# 1963 Racer



## Two Wheeler (Jun 24, 2020)

I just finished this Schwinn Racer that was born on April 5, 1963. It sold new for $56.95. That’s $473.37 in today’s dollars. 
  The two speed was bound up and would barely turn. I had to soak it just to get it apart. I thought it was toast, but it works fine now.


----------



## BroCraig (Jun 24, 2020)

I have a 63. Same association!


Sent from my iPad using Tapatalk


----------



## Two Wheeler (Jun 24, 2020)

BroCraig said:


> I have a 63. Same association!
> 
> 
> Sent from my iPad using Tapatalk



Post some pictures!


----------



## rollfaster (Jun 24, 2020)

Great looking bike Dan!


----------



## Two Wheeler (Jun 24, 2020)

rollfaster said:


> Great looking bike Dan!



If you're riding the 11th you can see it in person.


----------



## schwinnlax (Jun 24, 2020)

I assume you painted the three bands on the hub black.  Originally they were red.  Nice bike. ‘63 was the last year for the peaked front fender on the Racer.


----------



## Two Wheeler (Jun 24, 2020)

schwinnlax said:


> I assume you painted the three bands on the hub black.  Originally they were red.  Nice bike. ‘63 was the last year for the peaked front fender on the Racer.



I wondered how long it would take for someone to notice. It was unplanned. The original red came off just wiping it down. My only can of red spray paint would not work. So I went with the black.


----------



## rollfaster (Jun 25, 2020)

Dan Shabel said:


> If you're riding the 11th you can see it in person.



I’ll be there for sure. I should bring my white 59 Racer to see them together, but I’m anxious to debut the 58 Corvette on the trail.


----------



## rennfaron (Jun 25, 2020)

Dan Shabel said:


> I wondered how long it would take for someone to notice.

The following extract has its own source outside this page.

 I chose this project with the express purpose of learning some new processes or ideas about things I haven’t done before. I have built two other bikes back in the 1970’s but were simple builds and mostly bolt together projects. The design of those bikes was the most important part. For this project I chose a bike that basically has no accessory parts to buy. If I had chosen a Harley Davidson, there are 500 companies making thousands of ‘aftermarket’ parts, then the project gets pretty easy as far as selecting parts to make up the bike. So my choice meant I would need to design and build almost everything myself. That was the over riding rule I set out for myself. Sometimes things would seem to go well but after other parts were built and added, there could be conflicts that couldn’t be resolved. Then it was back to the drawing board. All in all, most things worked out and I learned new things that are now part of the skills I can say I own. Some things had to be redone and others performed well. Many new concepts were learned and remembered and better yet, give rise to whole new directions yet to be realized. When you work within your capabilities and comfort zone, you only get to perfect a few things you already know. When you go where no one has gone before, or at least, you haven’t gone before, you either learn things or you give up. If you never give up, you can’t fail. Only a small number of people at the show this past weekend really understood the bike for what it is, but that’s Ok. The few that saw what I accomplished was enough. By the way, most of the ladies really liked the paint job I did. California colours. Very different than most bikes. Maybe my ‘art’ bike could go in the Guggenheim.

It was unplanned. The original red came off just wiping it down. My only can of red spray paint would not work. So I went with the black.

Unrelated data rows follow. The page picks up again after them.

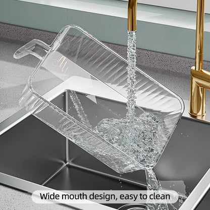 Keep your fridge neat and your food fresh with the Stackable Refrigerator Storage Box – a clear container with a secure lid and convenient handle for easy access.
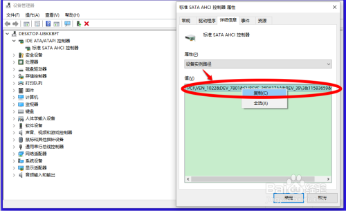 尺度SATA AHCL节制器 属性窗口【值】栏中值即:设备实例路径,复制记下
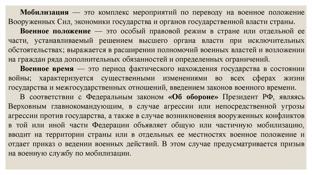 Мобилизация — это комплекс мероприятий по переводу на военное положениеВооруженных Сил, экономики государства и органов государственной власти страны.
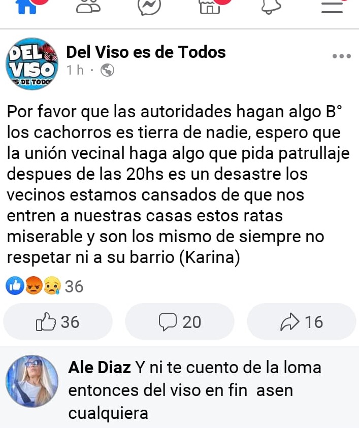 Uno de los vecinos , Juan, explicó la situación: “Estamos viviendo muchos robos. Tuvimos una reunión con las autoridades nuevas de la comisaría pero el COM desde diciembre no aparece. Estamos a la deriva. Sí patrullan a la Guardia Urbana que tira agua con lavandina. Pero a los vecinos no. De vez en cuando vemos un patrullero de la Policía Bonaerense. Pero tienen un sólo móvil. El Comando, cero, no tenemos respuestas. Lo que hoy estamos viviendo no lo vimos nunca, con dos o tres robos por día. El municipio está ausente”.

...The next guy that gets the bike...
Next guy: SCHWINN DEFINITELY HAD A BLACK BANDED HUB, LOOK SEE, THIS CAME FROM THE FACTORY WITH BLACK BANDS!!! I DON'T CARE IF THEY ONLY HAD RED, BLUE AND YELLOW BANDS, THIS IS THE RARE BLACK ONE...


----------



## Two Wheeler (Jun 25, 2020)

rennfaron said:


> ...The next guy that gets the bike...
> Next guy: SCHWINN DEFINITELY HAD A BLACK BANDED HUB, LOOK SEE, THIS CAME FROM THE FACTORY WITH BLACK BANDS!!! I DON'T CARE IF THEY ONLY HAD RED, BLUE AND YELLOW BANDS, THIS IS THE RARE BLACK ONE...



And that’s why it’s a steal at $4,000!


----------



## BroCraig (Jun 27, 2020)

Dan Shabel said:


> Post some pictures!










Sent from my iPhone using Tapatalk


----------



## 49autocycledeluxe (Jun 27, 2020)

I like these bikes with the small frame. I have a 1960 Racer I may paint black some day. they sell all the decals.

I put S-7's on mine since I didn't have any wheels for it. no fenders


----------